What does "quality-aware alerting" mean in practice?
It means alerts fire on quality metrics — faithfulness drops, hallucination spikes, PII leakage, jailbreak patterns, tool-call correctness regressions — in addition to standard latency and error signals. An agent that returns a confidently wrong answer in 200ms is invisible to a classic APM monitor. Confident AI routes quality alerts to PagerDuty, Slack, and Teams using the same metric definitions that score outputs in pre-production evals, so the signal is consistent across CI/CD and production.
How do these tools handle agent fan-out at scale?

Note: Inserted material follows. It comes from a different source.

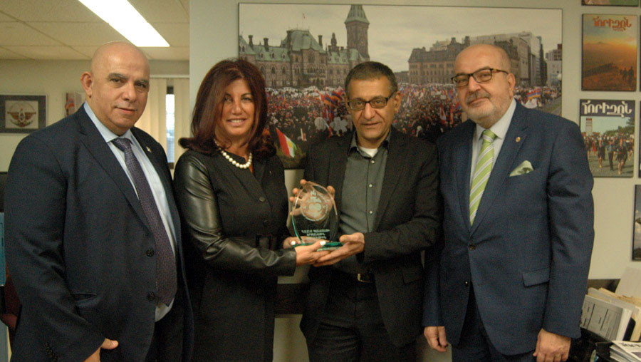 Հարցազրոյցի աւարտին հանդիպման ներկայ ՀՄԸՄ Քանատայի Շրջանային վարչութեան ատենապետ Լիոնի Սարմազեանը եւ վարչութեան անդամ Պերճ Աթոլիկեանը յատուկ յուշագիրով մը պատուեցին «Հորիզոն»-ը` հայ գիր ու գրականութեան տարածման մէջ անոր երկարամեայ առաքելութեան համար:
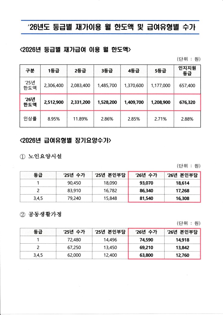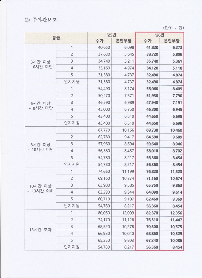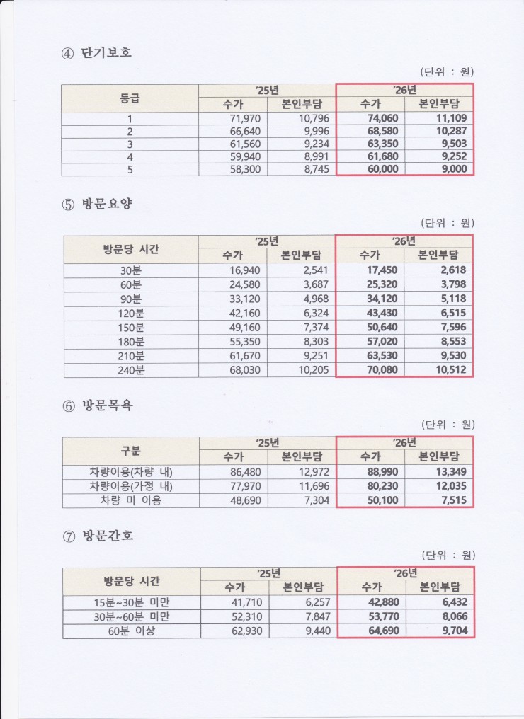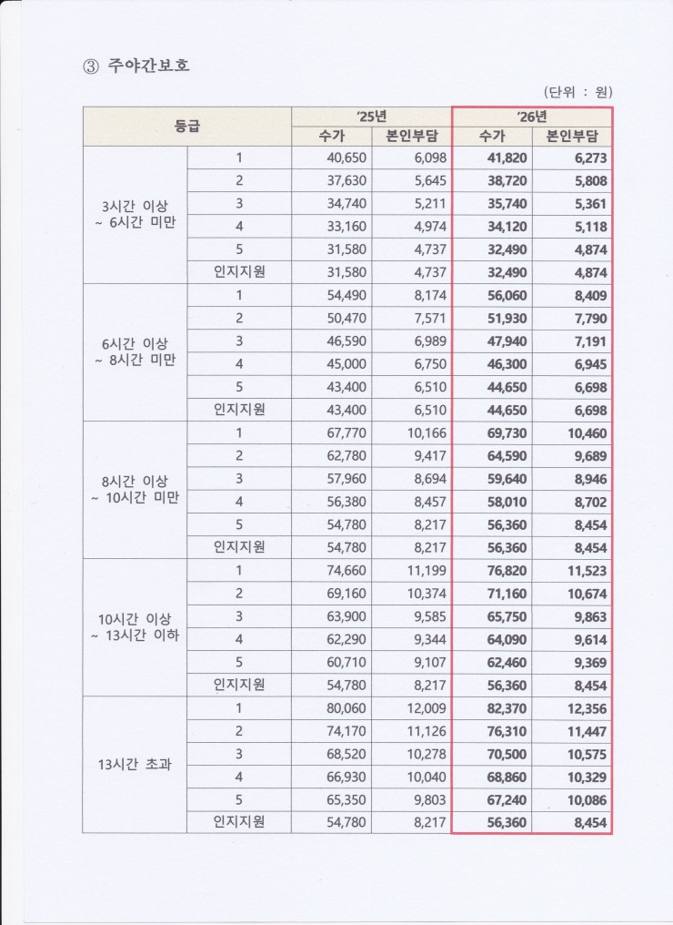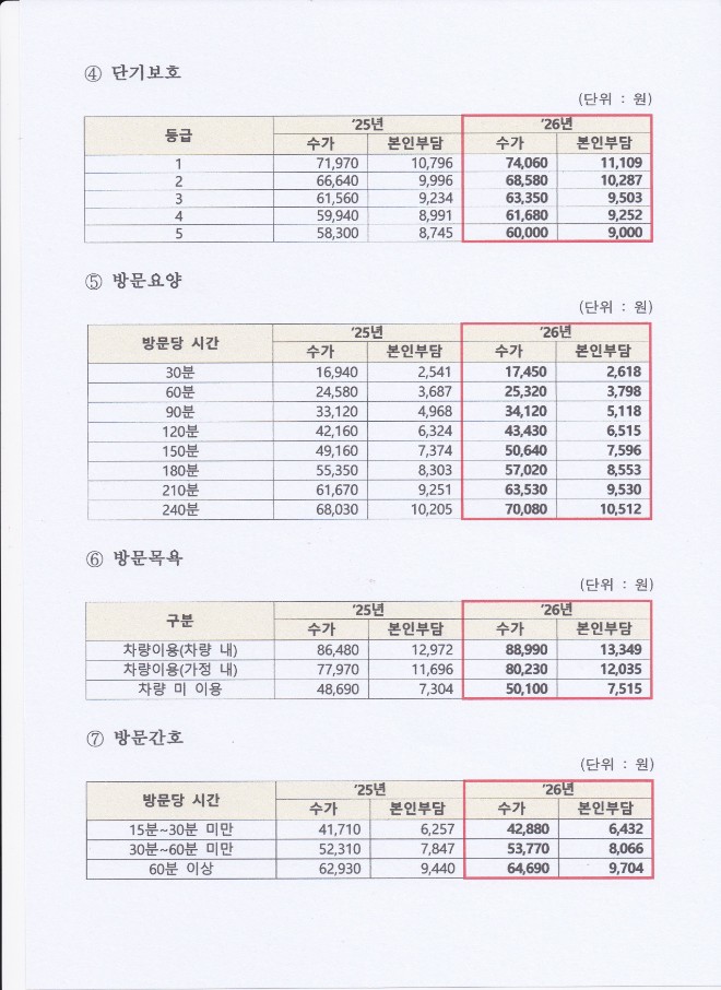 [2026년 수가변경 안내 및 급여비용 안내]

The pricing model is the tell. Per-trace pricing and per-seat pricing both punish agent fan-out and cross-functional adoption. Per-GB pricing (Confident AI) or self-hosted (Helicone open-source, Phoenix from Arize) keeps economics predictable as fan-out grows. Datadog scales with ingestion volume and cardinality, which can become significant at high agent traffic without careful sampling.
Can I use these tools alongside an existing APM like Datadog?
Yes. AI-native platforms like Confident AI are OpenTelemetry-native and can run alongside an existing APM — agent traces and quality alerts live in the AI-native platform, while infrastructure and application-level monitoring stays in the APM. This is a common deployment pattern for enterprises that already have a Datadog contract and want agent-grade evals on top.
How do these tools integrate with CI/CD for agent regression testing?
Confident AI and LangSmith both ship CI/CD integrations that run evals in deployment pipelines and block releases when regressions cross thresholds. Datadog, Helicone, and Arize are monitoring-first and ship limited or no CI/CD regression testing surface — that loop has to be built externally or paired with an AI-native eval platform.
How often should I evaluate agents in production?
Continuously. Models drift, prompts change, retrieval indexes update, and tool behavior shifts. The platforms worth picking score every production trace automatically (or a sampled subset for cost control), surface drift via dashboards, and fire alerts when quality metrics cross thresholds — instead of waiting for a quarterly eval cycle to catch a regression that landed three weeks ago.
Does Confident AI replace a runtime AI firewall?
Not directly. Confident AI focuses on agent observability, evaluation, and quality-aware alerting. Teams that need an inline prompt-injection firewall at the API layer typically still deploy a runtime guard product alongside Confident AI — but the monitoring, evals, and alerts loop lives in Confident AI.